I put the kettle on to boil and pulled out the bags of oolong, which he preferred. As my hands moved, I tried to figure out exactly what I wanted to tell Stephen. My chronically unhelpful brain was coming up blank. So I went with the “let it all just tumble out of your mouth” method.

“I didn’t tell you about coming here to meet relatives because I didn’t want you to have one more thing to hold against my family. I could almost hear you in my head. ‘Here we go, another dramatic debacle, courtesy of the McGavocks.’ You say those things so often I don’t think you even realize you’re doing it.”

“But even you make jokes at your family’s expense,” he protested.

“Yes, but I’m not serious when I do it,” I said, trying to think of a way to explain the principle of “it’s OK when I pick on my family, but no one else should try” to someone whose parents used an intercom to communicate dinner plans. “You know there are large portions of my life that I hold back from you—hell, I hold them back from myself—because I am afraid that you can’t handle them. And it’s not fair to either of us. I’ve only given you a partial, watered-down version of myself, and you shouldn’t want that. I want better than that for you, better than a half-relationship with a half-person. I just don’t think what we have works anymore.”

“Wait, I thought you were just angry on the phone. Are you really breaking it off with me?”

“I’m sorry, Stephen,” I said, rethinking the wisdom of handing him a cup of boiling-hot tea.

“Haven’t you wondered why I haven’t introduced you to my parents?” he sputtered. “I kept waiting for the weird shit I had to put up with to bottom out. I wanted to know how bad it could get. But it just kept getting worse! You want to know why I wanted to move with you to Dublin? Because I wanted to know whether you were someone I could consider proposing to. But you just kept putting me off! It doesn’t have to be this way,” he insisted. “If you could just draw some boundaries with that band of loonies, then—”

“Do you realize you’re actively making my point for me?” I asked.

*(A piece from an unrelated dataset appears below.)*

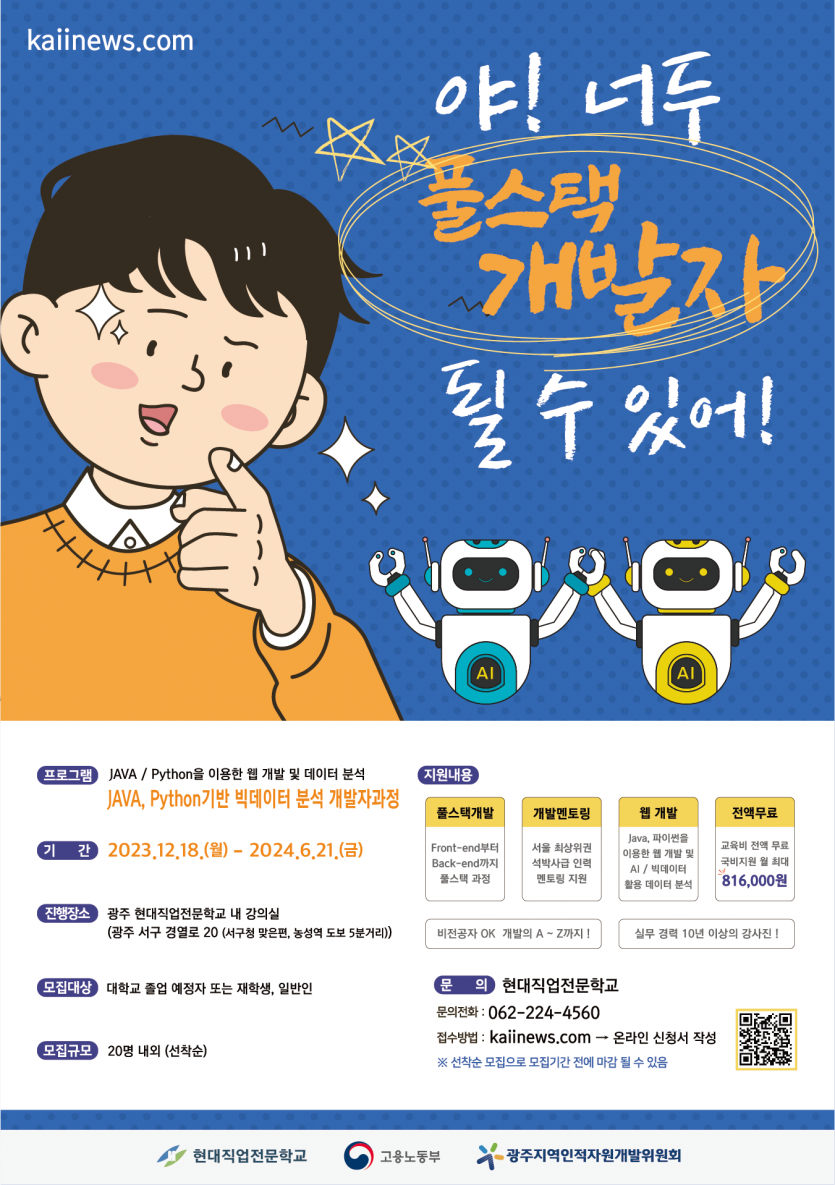 [고용노동부 | 현대전문직업학교] JAVA, Python 기반 빅데이터 분석 개발과정 교육생 모집 (~12/17)

“All right, all right,” he said. “I’m sorry, darling, I’m just upset. I don’t want to lose you. I will learn to watch my tongue, but you have to make some changes, too. We can make this work. Don’t you see how easily we could fit into each other’s lives?”

“Maybe it’s not about fitting into each other’s lives but making one life together. I shouldn’t have to feel like I should hide things from you. I can’t keep compartmentalizing and tucking away the bits of my life I’m afraid will upset you.”

“But I came all this way to see you.”

“I didn’t ask you to. And I’m sorry. I didn’t mean to hurt you.”

And round and round we went, until I lost track of the time and our tea grew cold. We hashed through every angle of our relationship, my inability to separate from the family, his unwillingness to take my job seriously or meet my family halfway. Stephen got more and more upset as the conversation went along and I didn’t budge on splitting.

“I refuse to accept this,” he spat. “We love each other. If we’re not going to be together, it won’t be caused by something so silly. Lots of people don’t get along with their in-laws.”

I nodded to his cold tea. “Would you like me to warm that up for you?”

“Why do you keep worrying about tea at a time like this?” he asked, exasperated.